In fact, these different sugar structures are the origin of our A, B, and O blood types. The A, B, and O designations refer to three distinct carbohydrate structures that are found at the surface of blood cells. If you transfuse a patient with blood cells that have a carbohydrate structure different from the one that their own body naturally produces, the immune system sees these cells as unwelcome invaders which leads to their rapid destruction.

The labels A, B, and O used to describe blood types arise from three different carbohydrate structures found at the blood cell surface. Carbohydrate structures are often graphically depicted as a combination of symbols, where each shape and color combination indicates different sugar subunits. (Illustration: Blood cells taken from CleanPNG.)

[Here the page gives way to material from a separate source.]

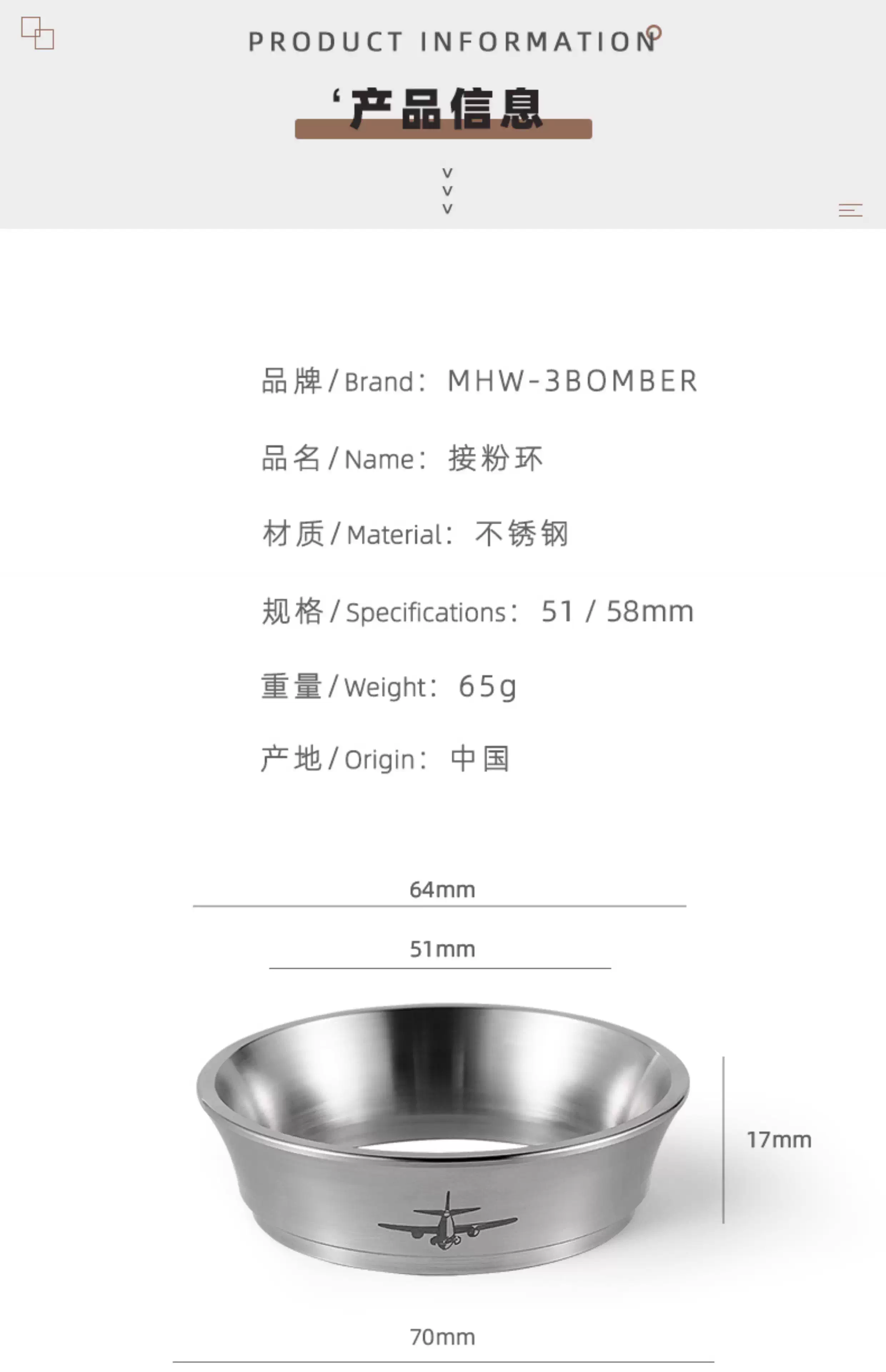 - Vòng phân phối bột máy pha cà phê 51/58MM, tay cầm bằng thép không gỉ 304, vòng chống bắn bột, chống tràn

Although carbohydrates typically keep our own cells safe from immune system attack, they can also work against us. For instance, after an organ or tissue has suffered from reduced blood flow (heart attack, stroke, etc), cells in the tissue change their carbohydrates to indicate that they are damaged. These new carbohydrate structures can cause the damaged tissue to be targeted by immune cells, adding further insult to the injury. This also occurs in organ transplantation, and is an important cause of transplant rejection.

Pathogens with a sweet-tooth

These cell-surface carbohydrates are also exploited by infectious pathogens. For instance, Escherichia coli strains associated with urinary tract infections use carbohydrate-binding proteins to firmly attach to bladder cells to avoid being flushed out when we urinate. Or consider the influenza viruses, which only infect cells coated with a particular carbohydrate structure. In fact, the naming of different influenza strains, such as H1N1 that we became so familiar with in 2009, is based on two different carbohydrate-associated proteins: hemagglutinin (H) which binds to a particular carbohydrate structure and enables viral entry into the cell, and neuraminidase (N) which removes a cell-surface carbohydrate and frees the virus to migrate and infect adjacent cells.

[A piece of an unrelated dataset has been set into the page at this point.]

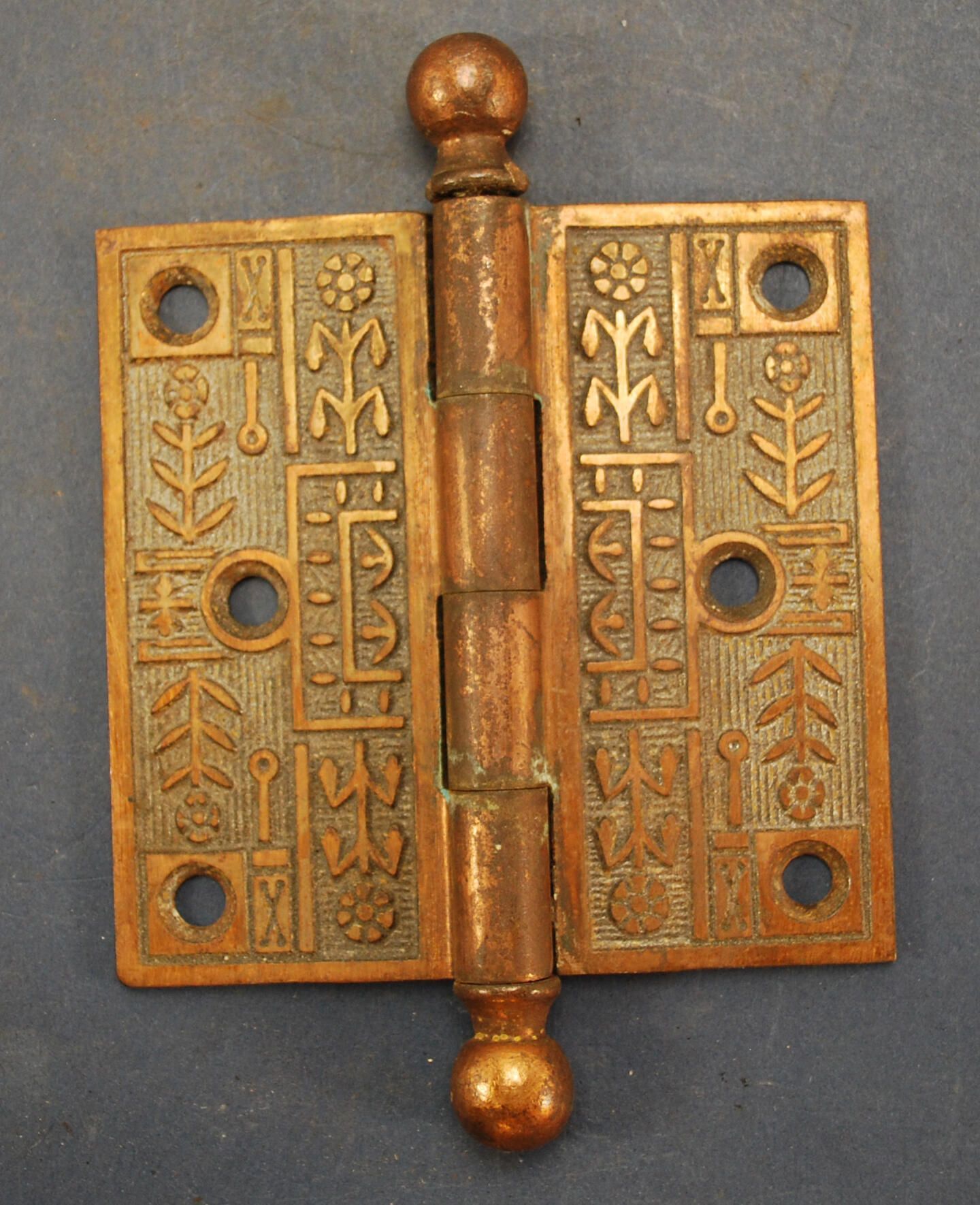 Design Name: Windsor Manufacturer: Reading Hdwr. Co. Style: Aesthetic Material: Bronze Manufacturing Method: Cast Surface Finish: Plated / Bronzed / Japanned VDA Classification: VDA Number: Shape: Patent Specifics: Lock Type (If Applicable): Inscription/Makers Mark: Inscription Text: "3 1/2 x 3 1/2" Comments: Ball-Tipped.

Even SARS-CoV-2 and other coronaviruses are known to utilize carbohydrates for viral entry into cells. And viruses have also figured out how to use these carbohydrates against us. They are masters at mimicking our own structures to avoid detection by immune cells.

The influenza virus recognizes human cells to infect by binding to cell-surface carbohydrates that contain a particular sugar subunit called sialic acid. Binding to these structures enables the virus to enter the cell. (Illustration: Virus and cell membrane taken from Servier.)

Sugars as therapeutics

Most of what we know about cell-surface carbohydrates has been discovered in the last 30 years, a fortunate consequence of improved technologies that have enabled us to identify discrete carbohydrate structures, which are notoriously difficult to isolate and characterize.

Learning more about these interactions, our team within the Department of Pharmaceutical Sciences at the University of Basel is interested in applying this knowledge to develop new drugs. Sugars themselves are not suitable drug candidates, as they are rapidly metabolized and eliminated from the body when not attached to a cell-surface. Thus, our research involves the development of carbohydrate-based mimetics, which can retain biological activity but have improved ‘drug-like’ properties. For example, in organ transplantation we can design carbohydrate-based molecules which prevent immune cells from recognizing transplanted tissue. Using a similar approach, we can design inhibitors to occupy protein binding sites so that pathogens can no longer adhere to or infect host cells, offering a ‘sweet’ alternative to traditional antibiotics.

Sugar-based therapeutic molecules can be used to interfere with carbohydrate-based interactions to avoid undesirable biological responses. Since carbohydrates themselves are not suitable drug candidates, we are actively researching ways to design ‘glycomimetics’, which retain biological activity but have enhanced therapeutic properties. (Illustration: Kidneys and cell membrane taken from Servier.)